- _ASSIGNMENT_:
I need the lines from the one containing "- Pürüzsüz İç" through the last line of the entries retyped exactly, with no pictures among them.

- _Stored entries_:
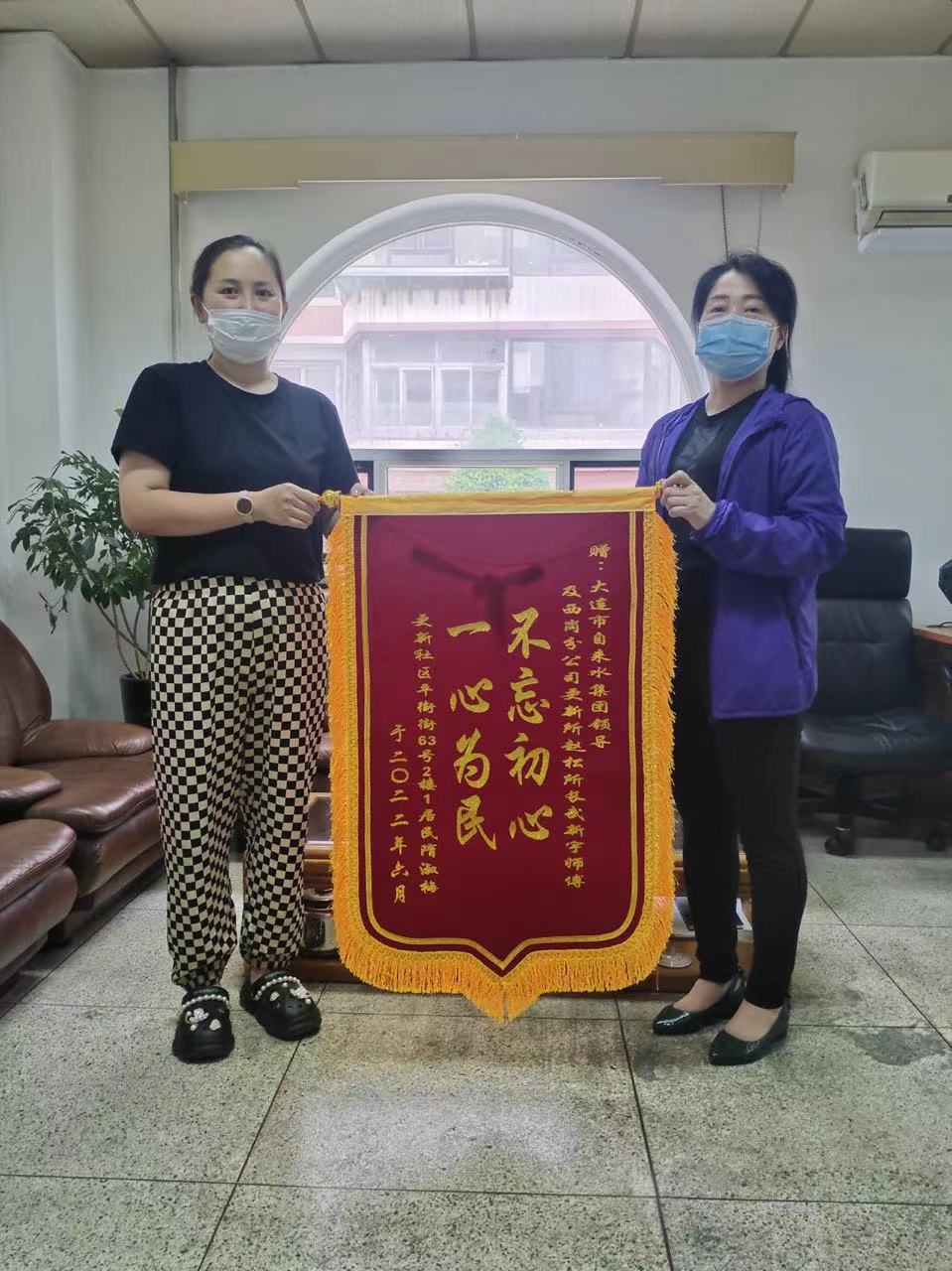 “不忘初心,一心为民”,7月4日下午,西岗区平等街的隋淑梅阿姨委托当地社区给市水务集团自来水公司送来一面绣着这样八个大字的锦旗,对西岗分公司更新维修所赵松所长及武新宇师傅表达诚挚的谢意。
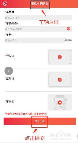 b:车辆认证:“车商标”“车辆类型”“车长”“行驶证”“驾驶证”“车头照”,信息填写完毕,点击“提交认证”。
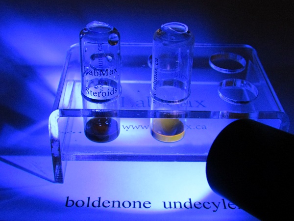 It is simple pass or fail test. Any discoloration under day light will mean that the sample contains other chemicals. Vial A after a while it will develop yellow fluorescence similar to vial B, the initial fluorescence is blue/violet. The fluorescence will last for at least 48 before starting to diminish, while many other steroids will lose fluorescence within hours. For example primobolan will loose fluorescence within 24 hours. This might help to distinguish them.
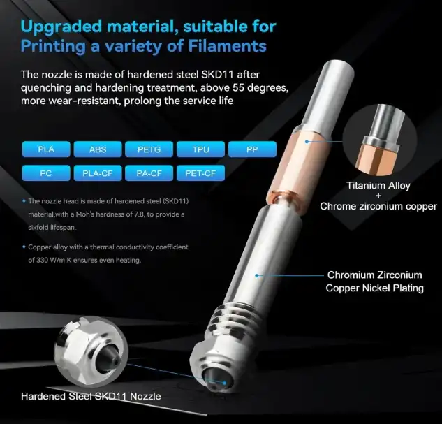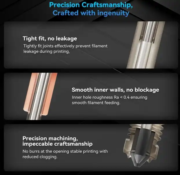 - Pürüzsüz İç Yüzey: Ra0.4 iç duvar pürüzsüzlüğü sayesinde akışkanlığı artırır ve filament tıkanmalarını önler.
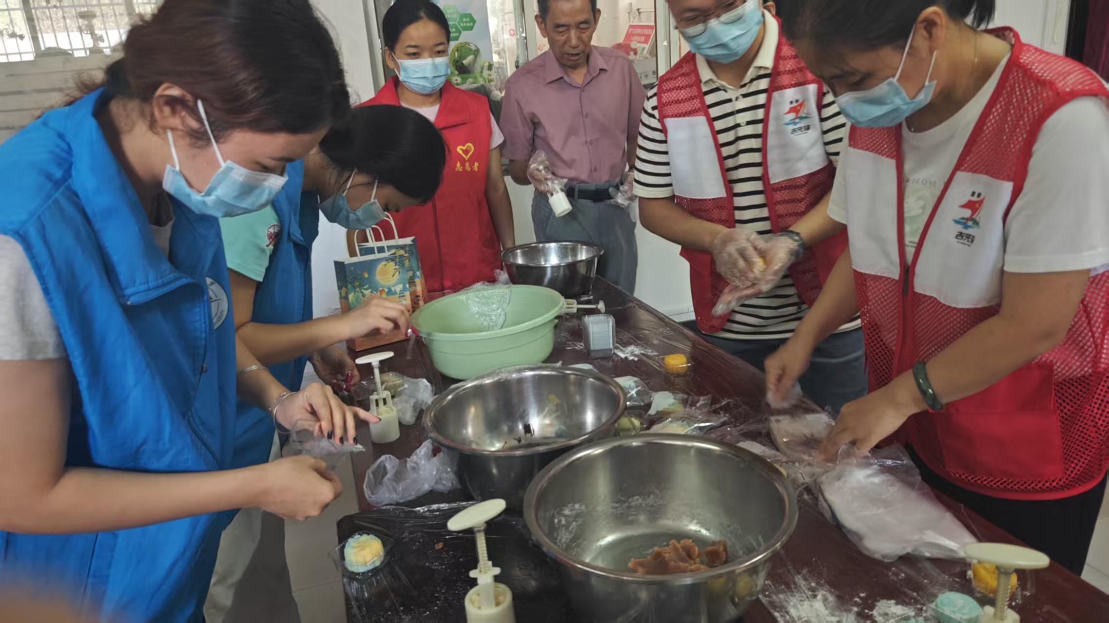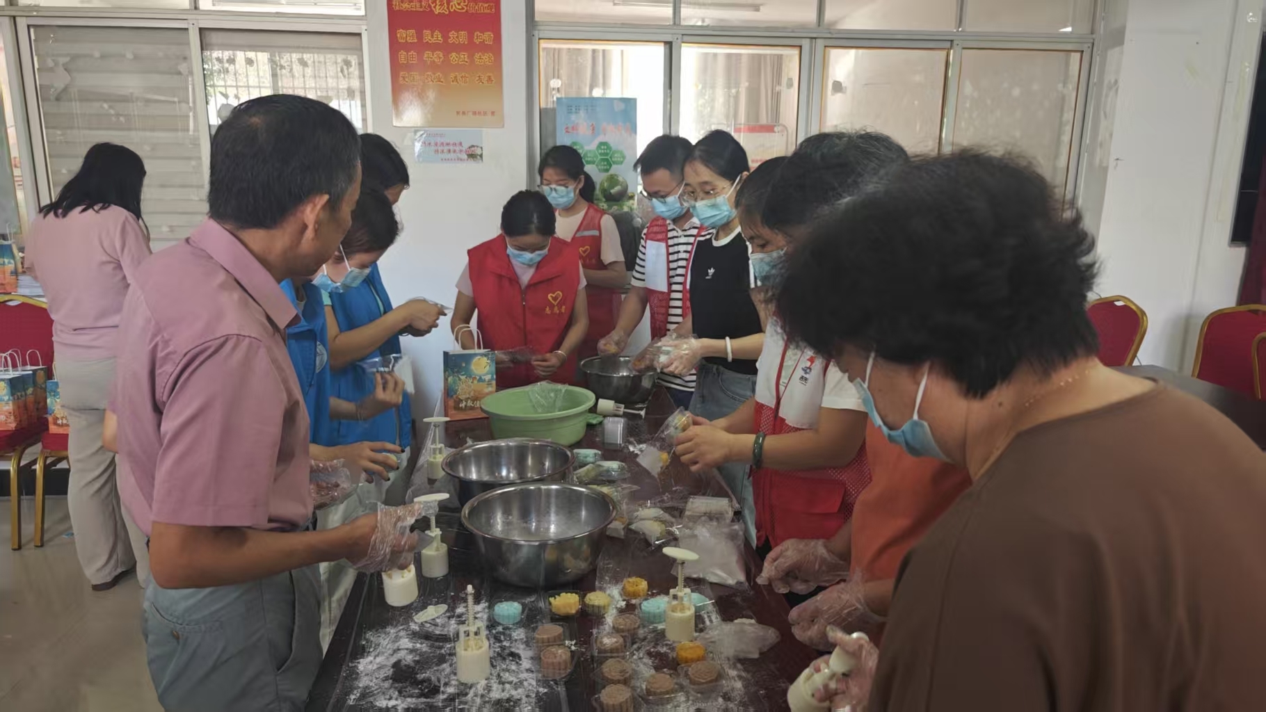 活动前期,志愿者们精心统筹布置,温馨的节日装饰点缀现场,操作台上整齐摆放着冰皮预拌粉、低糖豆沙、莲蓉等月饼制作原料,以及印有中秋元素的各式模具,为志愿实践活动做好充分准备。

- _ANSWER SPACE_:
 - Pürüzsüz İç Yüzey: Ra0.4 iç duvar pürüzsüzlüğü sayesinde akışkanlığı artırır ve filament tıkanmalarını önler.
 活动前期,志愿者们精心统筹布置,温馨的节日装饰点缀现场,操作台上整齐摆放着冰皮预拌粉、低糖豆沙、莲蓉等月饼制作原料,以及印有中秋元素的各式模具,为志愿实践活动做好充分准备。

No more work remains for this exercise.